Why Is It Different?
Currently, the most common anti-disaster protection methods employed include:
• automated backups
• off-site media storage
• data mirroring
• remote data replication
• snapshot of data
Automated backups ensure that files are continually backed up (commonly onto tape) on a routine basis; a second copy is often stored off-site for safekeeping. Rebuilding “live” data from tape is cumbersome and time-centric, requiring an average of 17-25 hours to restore a one-terabyte data volume. If the tape must be recovered from an off-line and off-site storage facility, recovery may be measured in days.
Data mirroring creates a duplicate (secondary) on-line copy that in an emergency replaces the primary data. Remote data replication tasks simultaneously duplicate data to a secondary system, ensuring continuous access should a primary system fail. Data mirroring and remote replication techniques eliminate the wait time associated with the loading and restoring of back-up tapes following a data disaster, as the replicated data can be substituted quickly. However, they each have the same inherent limitation – both techniques may replicate corrupted data as it enters the system, leaving a damaged database being copied for recovery. These disadvantages can be addressed with snapshots by adding a point-in-time data image feature to existing back-up and recovery procedures. By doing this, the chance of reintroducing corrupted data during the recovery process is reduced. However there is still the risk of data loss between point-in-time images and the snapshot process impacts the system and application.
Continuously capturing data makes possible a rollback to any point in time, eliminating the limitations of snapshots. This approach facilitates the recovery of vast amounts of data by backing out data corruption, rather than rebuilding from archives and snapshots. Applications can be restored accurately and verifiably with unprecedented speed.

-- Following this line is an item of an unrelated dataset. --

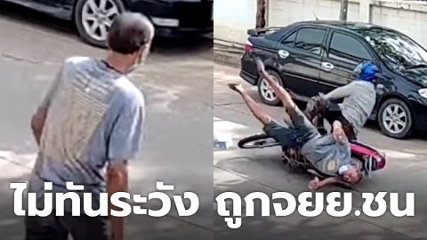 ลุงน้ำใจงาม ไม่ทันระวังโดนรถชนซะเอง

With the ability to back out the corrupted data rather than rebuild the entire data image, full data restores following a major data disaster occur in minutes versus hours. For example, 1 TB or more of data can be fully restored in less than 20 minutes.
How Rollback Works
By maintaining a history journal always queued for immediate recovery, there is a constant running record of application activity and thus it is possible to “time slide” forward or backward to any point in time and recover data in its uncorrupted state. Writes are continuously intercepted and tagged as they occur in real time without altering the actual data or impacting the application. A second process (typically on a remote system) maintains an active replication and journals a history of data activity. The recording and journaling of data has no impact on the running applications or server operations, requires very little storage space and facilitates the ability to scroll the data to any point in time.

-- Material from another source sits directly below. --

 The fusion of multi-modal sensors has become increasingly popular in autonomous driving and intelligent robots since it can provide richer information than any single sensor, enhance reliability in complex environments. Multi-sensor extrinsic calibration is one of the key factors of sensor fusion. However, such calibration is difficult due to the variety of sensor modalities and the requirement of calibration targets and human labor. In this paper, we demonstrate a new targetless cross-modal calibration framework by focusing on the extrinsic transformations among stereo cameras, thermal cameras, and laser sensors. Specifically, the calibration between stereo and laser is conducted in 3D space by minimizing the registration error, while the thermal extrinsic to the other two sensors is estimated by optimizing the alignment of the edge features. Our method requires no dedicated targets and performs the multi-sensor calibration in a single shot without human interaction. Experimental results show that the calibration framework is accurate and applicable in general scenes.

Because it’s working at the block level, this process is not dependent upon specific applications or storage solutions and is compatible with and provides near real time recovery for any application, relational database and file system; it also is not constrained by protocols or formats. Because everything is tracked on disk, a rollback to any point in time is possible, enabling the user to back out the corruption rather than rebuild the data structure. Remember that this process does not replace your existing data archive solution. It adds an additional layer of protection, providing for almost immediate data recovery following any type of data disaster.

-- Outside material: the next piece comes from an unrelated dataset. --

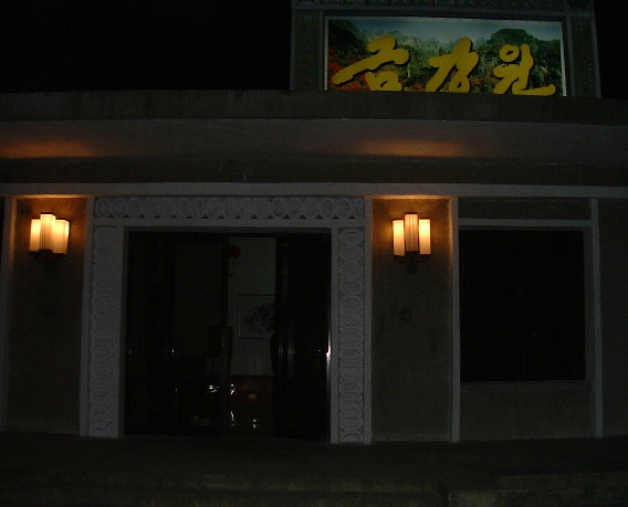 金剛苑正面の看板は、金剛山の写真の上に黄色いハングル文字で『金剛苑』と書かれた真新しい看板でしたが、建物そのものはかなりの年代モノです。そうしているうちに、私たちの乗ってきたバスを追いかけるように、2台のバスがやってきました。結局、金剛苑の北朝鮮特別料理を食べに、全部で3台のバスに乗って金剛山観光客がやってきたことになります。到着すると皆、続々と金剛苑に入っていきます。さあ、私たちも金剛苑に入ってみます!

When data restore is necessary, a roll back through the history journal can establish a precise restore point. Once a valid restore point is identified the rollback sequence is committed to the production application data. Recovery methodologies include full and partial restoration and disaster procedures.
Full recovery is accomplished by rolling back a copy on the back-up server to validate the restore point. The same rollback sequence is applied to the production application to resynchronize the active data. Optionally the rollback can be applied directly to the production application, bypassing the validation on the back-up server.
Partial recovery is accomplished in the same manner to determine the restore point. Affected tables and records are extracted and then inserted into the production application. A tremendous benefit of this partial recovery process is that the running database remains operational for applications not accessing these specific records.
Disaster recovery is accomplished by pointing to the virtual copy of the application’s data on the back-up server. The applications’ image is “rewound” on disk back to any “live” transactional processing point in time.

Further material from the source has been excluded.